The FAA said Monday that it is moving forward with 'regulations and standards for the safe integration of remote piloted (drones) to meet increased demand.'
The agency reiterated that 'autonomous (drone) operation is not currently allowed in the United States.'
Given the slow pace at which the FAA typically approves regulations, Bezos' prediction of four or five years for approval seems unrealistic to many.
Safety concerns could be the real obstacle in delaying drones for widespread commercial use.
'You're putting a device with eight rapidly spinning blades into areas where people are assumed to be,' says Matt Waite, a journalism professor at the University of Nebraska and head of the university's Drone Journalism Lab.
'The threat to people on the ground is significant.'
According to Amazon's website, the goal of the new delivery system is to get packages into customers' hands in 30 minutes or less using unmanned aerial vehicles
It's not hard to imagine that the world's biggest online retailer has some significant lobbying muscle and might be able to persuade the FAA to alter the rules.
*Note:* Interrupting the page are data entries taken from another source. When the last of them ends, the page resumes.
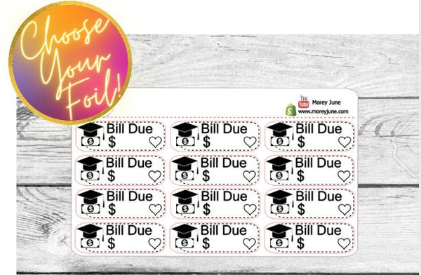 FOILED Student Loan Bill Due Stickers - Choose your foil!
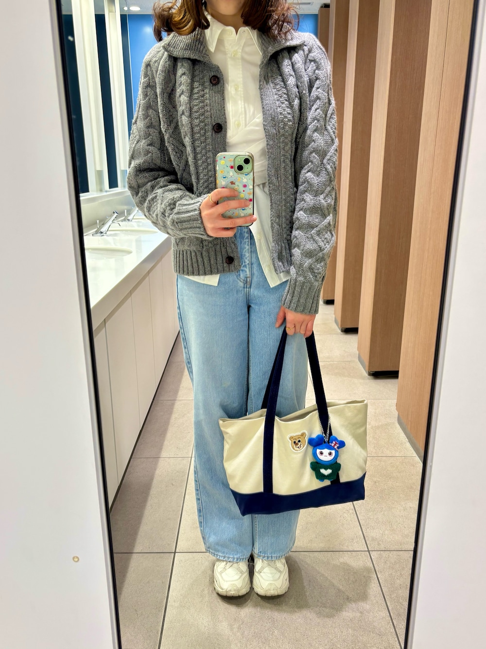 ADEAMの白シャツに、MACPHEEのデニムパンツを合わせました😘💓 SOMEWHEREBUTTERのざっくりニットを羽織りました🧶🩶
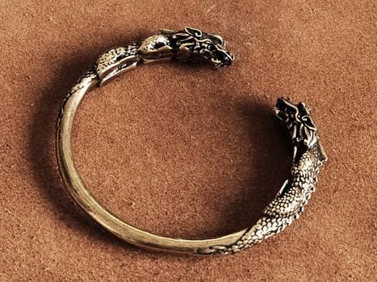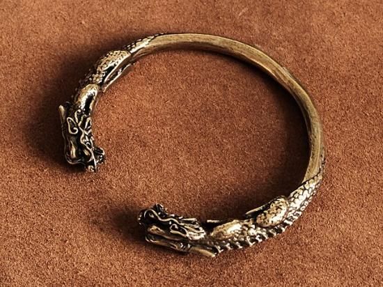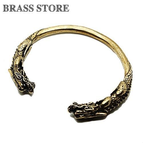 真鍮 バングル(ドラゴン)龍 竜 ブラス ブレスレット 腕輪 メンズ レディース ゴールド
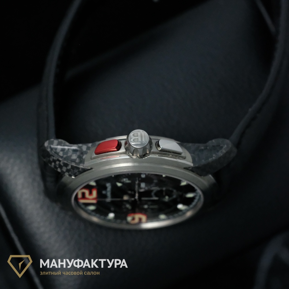 Сделанные из карбона и титана, корпус этих часов обладает не только прочностью и легкостью, но и уникальным дизайном, который привлечет внимание любителей высокого стиля. Ремешок из натуральной кожи добавляет изделию дополнительный шарм и комфорт в носке.
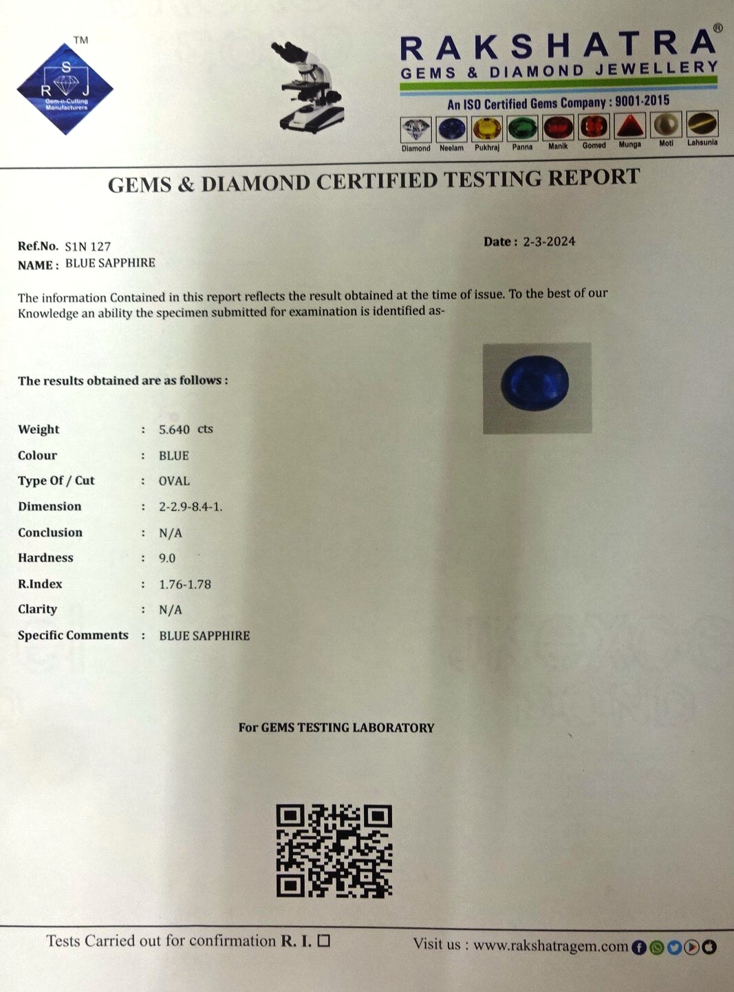 | SPECIFIC COMMENTS: | BLUE SAPPHIRE |

Amazon spokeswoman Mary Osako says the company has been in contact with the FAA 'as they are actively working on necessary regulation.'
One of the biggest promises for civilian drone use is in agriculture because of the industry's largely unpopulated, wide open spaces. Delivering Amazon packages in midtown Manhattan will be much trickier. But the savings of such a delivery system only come in large, urban areas.
Besides regulatory approval, Amazon's biggest challenge will be to develop a collision avoidance system, says Darryl Jenkins, a consultant who gave up on the commercial airline industry and now focuses on drones.
Who is to blame, Jenkins asked, if the drone hits a bird, crashes into a building? Who is going to insure the deliveries? There are also technical questions. Who will recharge the drone batteries? How many deliveries can the machines make before needing service?
Spanning the country: The drones are being tested over a 10-mile radius at the moment but Bezos says that will work for most urban areas
'Jeff Bezos might be the single person in the universe who could make something like this happen,' Jenkins says. 'For what it worth, this is a guy who's totally changed retailing.'
If Amazon gets its way, others might follow.
United Parcel Service Co. executives heard a presentation from a drone vendor earlier this year, says Alan Gershenhorn, UPS' chief sales, marketing and strategy officer.
'Commercial use of drones is an interesting technology, and we're certainly going to continue to evaluate it,' Gershenhorn says.
The U.S. Postal Service and FedEx wouldn't speculate about using drones for delivery.